Always. I knew it, felt it. Saw it every day in how they treated each other and supported me. I messed up repeatedly and their only requirement was that I get back up and try again.
Jackson told me he was lucky about how he grew up. Actually, I was the lucky one. Not during the first six years but in every year after.
“I know it’s probably terrible to say but I’m happy both of your husbands died earlier than expected and you two found each other.”
I could admit that here, in private, at this table. Anywhere else would be a big no-no. Wishing people dead wasn’t the polite Southern thing to do.
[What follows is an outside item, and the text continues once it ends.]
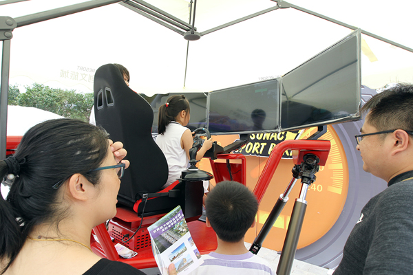 記者在活動現場看到,體驗區的人氣最高,卡丁車歡樂屋,被幾個支撐氣閥撐在半空中的駕駛艙,隨著駕駛員時而加速時而轉彎的操作而顛簸搖動,三塊超大螢幕上顯示的即時賽道也在不斷變化,讓人感謝瞬間來到F1比賽現場一般。

Gram snorted. “It took them long enough to go.”
“Mags.”
“What? I’m not wrong.”
Gram took a sip of her tea. “It took so long in my house that I had to help the process along.”
Every thought I had screeched to a halt in my brain. I could hear the crash and pileup. “What did you just say?”
Celia gasped. “She doesn’t need to be burdened with this part.”
“She can handle it.”
That comment touched off a back-and-forth between Celia and Mags. One that didn’t include me. They continued with each throwing out an argument and the other one ignoring it or talking around it. I caught only pieces because they talked in code. Phrases rather than full sentences. At one point, Gram even used an acronym I couldn’t decipher.
All the bickering led to one conclusion. A fact that was both shocking and not. Their secret. It was all but set out in lights in front of me.
“You both poisoned your husbands.”
Yep. I said it. That was the answer we’d avoided until now.
“Not quite.”
Celia put up her hand as if to stop the runaway conversation. “Mine really did die in a car accident. That’s when I discovered he’d squandered all the money and used my name and social security number to acquire more debt.”
Gram pulled out a snort here. “He got lucky because he deserved a harsher way out.”
Okay. Wait a second. “Worse than dying in a fiery crash?”
Gram shrugged but Celia pushed on. “We don’t kill other women’s terrible husbands. The women decide what they need to do.”
Gram saved her biggest snort for right now. “We would if we could get away with it.”
Celia didn’t flinch. “Sometimes removing the threat is the only way out. Not always, not even most times, so we present all other options first.”
“If all else fails, we provide a how-to guide and the necessary supplies,”
Gram added.
Supplies . . . yep.
How in the world was I going to explain all of this to Jackson? Or keep these ladies from getting arrested? Those were two of the questions banging around in my head at the moment.
I needed this one answered first. “I don’t want the two of you to get in trouble. So, where are these necessary supplies now that they’re no longer in the locked cabinet?”
I was wrong. Gram had one snort left. “What did you think we kept in that locked shed in the backyard?”